Doctor Who: The Giggle Review

Doctor Who: The Giggle
When the human race is driven to insanity by the giggle of a mysterious puppet, the Doctor (David Tennant) finds himself caught in an ancient foe’s (Neil Patrick Harris) deadly games.

by Jordan King |
Updated on

Contains plot spoilers for ‘The Giggle’

“That was completely nuts!” So exclaims Catherine Tate’s ever-eloquent Donna Temple-Noble during the dizzying climax of ‘The Giggle’, Doctor Who’s third and final 60th anniversary special. In-universe, it’s a perfectly understandable reaction to a particularly wild development involving a high striker hammer and the Doctor’s trusty TARDIS. It also just so happens to be a pretty solid summation of the episode as a whole. Because make no mistake, Russell T. Davies’ Whoniverse-reshaping grand finale — a breathless hour of blockbuster telly that’s thrilling, chilling, heartwarming, and headspinning (and that’s just the Spice Girls needledrop!) — is completely nuts.

Doctor Who: The Giggle

If last week’s spaceship-in-a-bottle ep ‘Wild Blue Yonder’ was a masterclass in restraint from RTD, then consider ‘The Giggle’ the showrunner unleashed, swinging for the fences with a story rocking more threads than Ncuti Gatwa’s wardrobe.
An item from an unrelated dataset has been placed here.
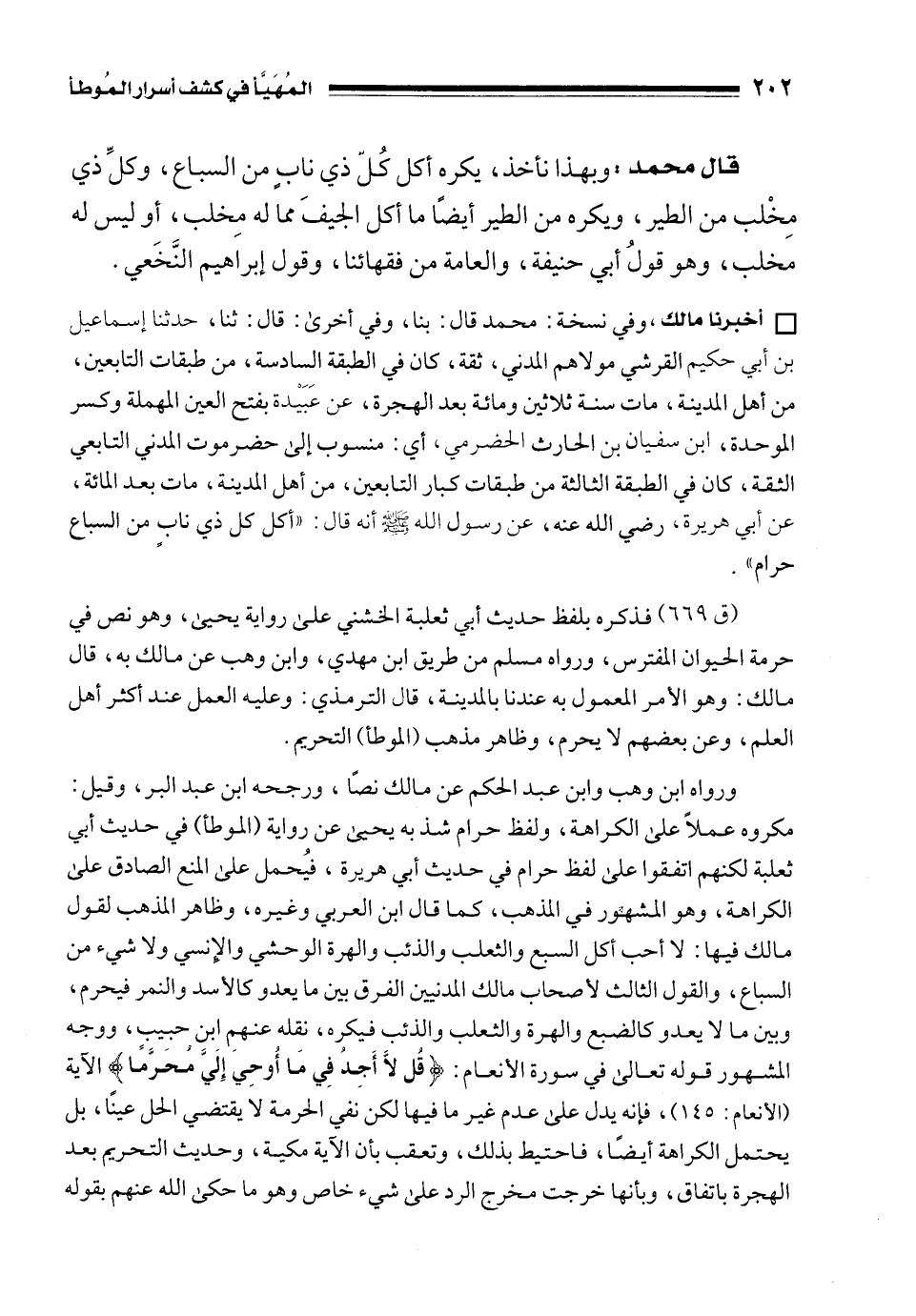 (ق 669) فذكره بلفظ حديث أبي ثعلبة الخشني على رواية يحيى، وهو نص في حرمة الحيوان المفترس، ورواه مسلم من طريق ابن مهدي، وابن وهب عن مالك به، قال مالك: وهو الأمر المعمول به عندنا بالمدينة، قال الترمذي: وعليه العمل عند أكثر أهل العلم، وعن بعضهم لا يحرم، وظاهر مذهب (الموطأ) التحريم.

Kicking off with John Logie Baird’s invention of television in 1925 and one ‘Stooky Bill’ — a real puppet so malevolent it makes Annabelle look like a Squishmallow and acts as the villainous Toymaker’s (Neil Patrick Harris) chosen vessel for global chaos — Davies quickly picks up where ‘Yonder’ left off. In short, ol’ Stooky Bill’s musical giggle — transmitted through every screen across the world — has got into everybody’s heads, convincing them they’re 100% right about everything. Screen-enslaved masses utterly convinced they’re right who won’t take no for an answer? Thank goodness this is science fiction, right?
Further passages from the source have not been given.